[
https://issues.apache.org/jira/browse/CASSANDRA-10231?page=com.atlassian.jira.plugin.system.issuetabpanels:comment-tabpanel&focusedCommentId=14734586#comment-14734586
]
Stefania commented on CASSANDRA-10231:
--------------------------------------
This is not going to be easy to reproduce with a dtest, not without injecting
some failure into the code.

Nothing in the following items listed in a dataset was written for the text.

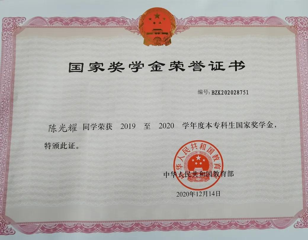 5月4日,《人民日报》专版刊登《本专科生国家奖学金获奖学生代表名录》,全面展示本专科生国家奖学金获奖学生中的100名优秀代表的风采。365官网通信与信息工程学院软件技术专业2018级学生陈光耀榜上有名,且是上海唯一一个上榜的专科生,也是全国13个高职高专院校学生之一。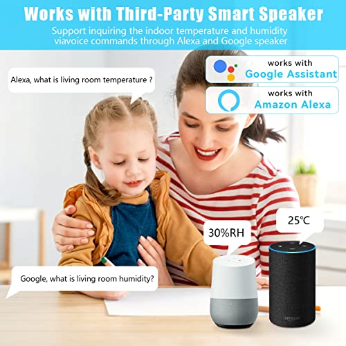 【Surveillance à distance et Smart Link】: En tant que source de données de comptage de température et d’humidité wifi, le capteur d’humidité du thermomètre wifi prend en charge Alexa, Google Assistant, SmartHome, Smart Life et d’autres appareils intelligents. Avec de simples commandes vocales, vous pouvez connaître la température/l’humidité. Vous pouvez également définir une variété de scènes intelligentes pour allumer automatiquement le climatiseur et le déshumidificateur dans la pièce.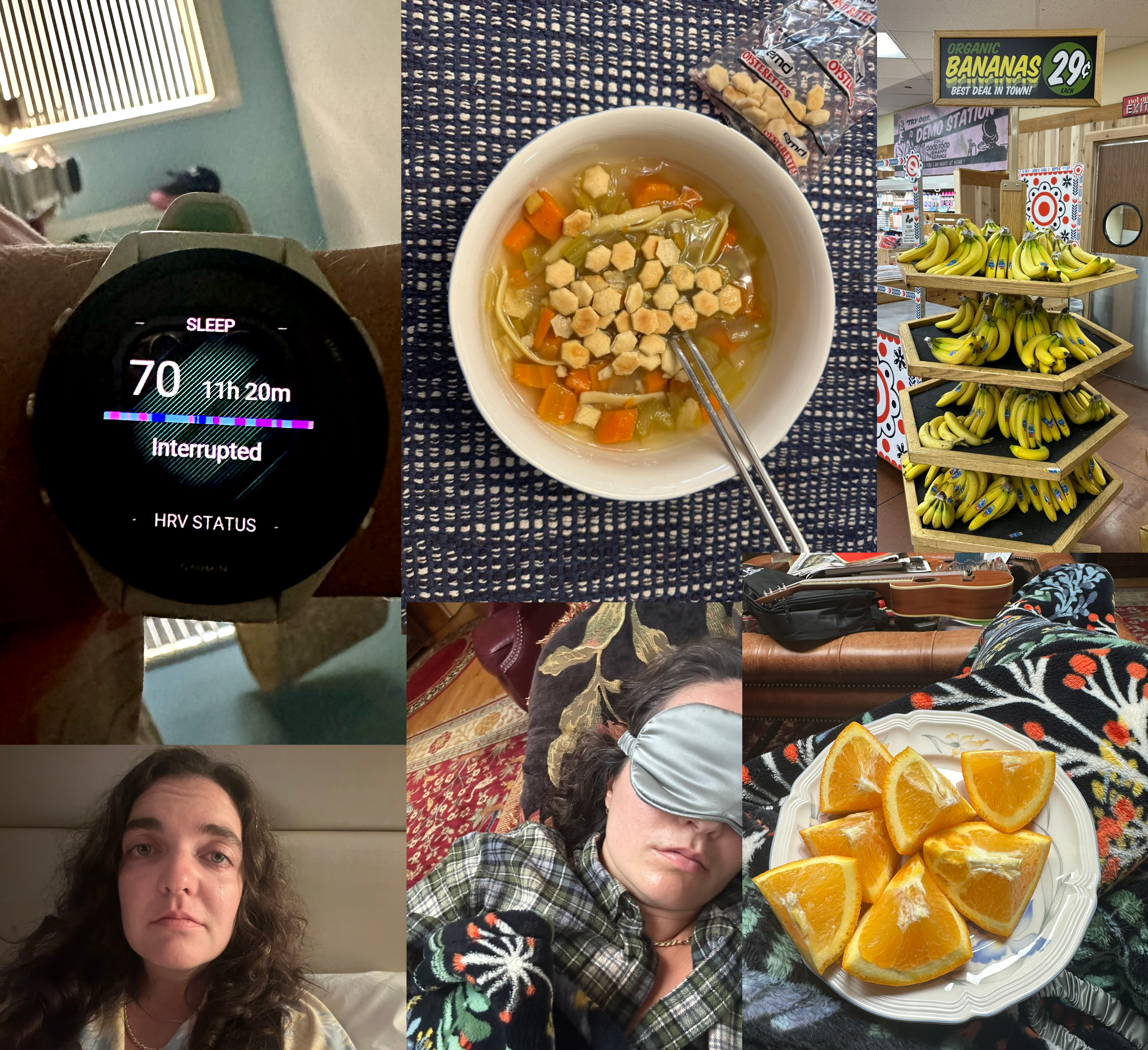 Finally healing from either the flu or covid after being in bed for two weeks. I lost 10 pounds, had my first migraine with nausea, spinning room, and light sensitivity.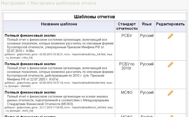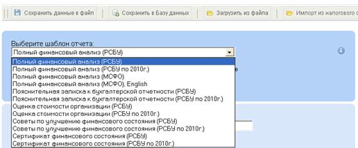 • возможность выбора различных шаблонов отчета: "Полный финансовый анализ", "Пояснительная записка к бухгалтерской отчетности", "Сертификат рейтинга финансового состояния", "Документы стоимости организации";

So far I was able to see this interesting
transition by issuing repeated nodetool status commands during a decommission -
but I was very lucky as I only saw it once out of several times:
{code}
Datacenter: datacenter1
=======================
Status=Up/Down
|/ State=Normal/Leaving/Joining/Moving
-- Address Load Tokens Owns Host ID
Rack
UL 127.0.0.1 57.39 KB 256 ?
1b91a92c-58b7-470f-82eb-f1e05fc50636 rack1
UN 127.0.0.2 90.56 KB 256 ?
4287fd68-e53d-4b9e-a48b-af374f9e69b3 rack1
UN 127.0.0.3 52.56 KB 256 ?
35a94edb-b38a-4bf3-8318-e14bb8a59eef rack1
Note: Non-system keyspaces don't have the same replication settings, effective
ownership information is meaningless
Datacenter: datacenter1
=======================
Status=Up/Down
|/ State=Normal/Leaving/Joining/Moving
-- Address Load Tokens Owns Host ID
Rack
UL 127.0.0.1 57.39 KB 256 ? null
rack1
UN 127.0.0.2 90.56 KB 256 ?
4287fd68-e53d-4b9e-a48b-af374f9e69b3 rack1
UN 127.0.0.3 52.56 KB 256 ?
35a94edb-b38a-4bf3-8318-e14bb8a59eef rack1
Note: Non-system keyspaces don't have the same replication settings, effective
ownership information is meaningless
Datacenter: datacenter1
=======================
Status=Up/Down
|/ State=Normal/Leaving/Joining/Moving
-- Address Load Tokens Owns Host ID
Rack
UN 127.0.0.2 90.56 KB 256 ?
4287fd68-e53d-4b9e-a48b-af374f9e69b3 rack1
UN 127.0.0.3 52.56 KB 256 ?
35a94edb-b38a-4bf3-8318-e14bb8a59eef rack1
Note: Non-system keyspaces don't have the same replication settings, effective
ownership information is meaningless
{code}
Because of this observed transition, we know that at some point during the
decomission the host id must be null. That means it must be updated as null in
{{system.peers}}. My assumption was that if the node crashes when the host id
is null in {{system.peers}} but before the entry is removed entirely, this
behavior might be observed. So I patched the C* code not to save host id in
system peers, and when I did I got this, which is close but not identical:
{code}
Final status from node 2
Datacenter: datacenter1
=======================
Status=Up/Down
|/ State=Normal/Leaving/Joining/Moving
-- Address Load Tokens Owns Host ID
Rack
UL 127.0.0.1 63.71 KB 256 ? null
rack1
UN 127.0.0.2 102.39 KB 256 ?
c897de6b-9ec8-4fe2-9835-60bf812c0b22 rack1
{code}
I also saw this exception:
{code}
ERROR [GossipStage:1] 2015-09-08 18:10:22,590 CassandraDaemon.java:191 -
Exception in thread Thread[GossipStage:1,5,main]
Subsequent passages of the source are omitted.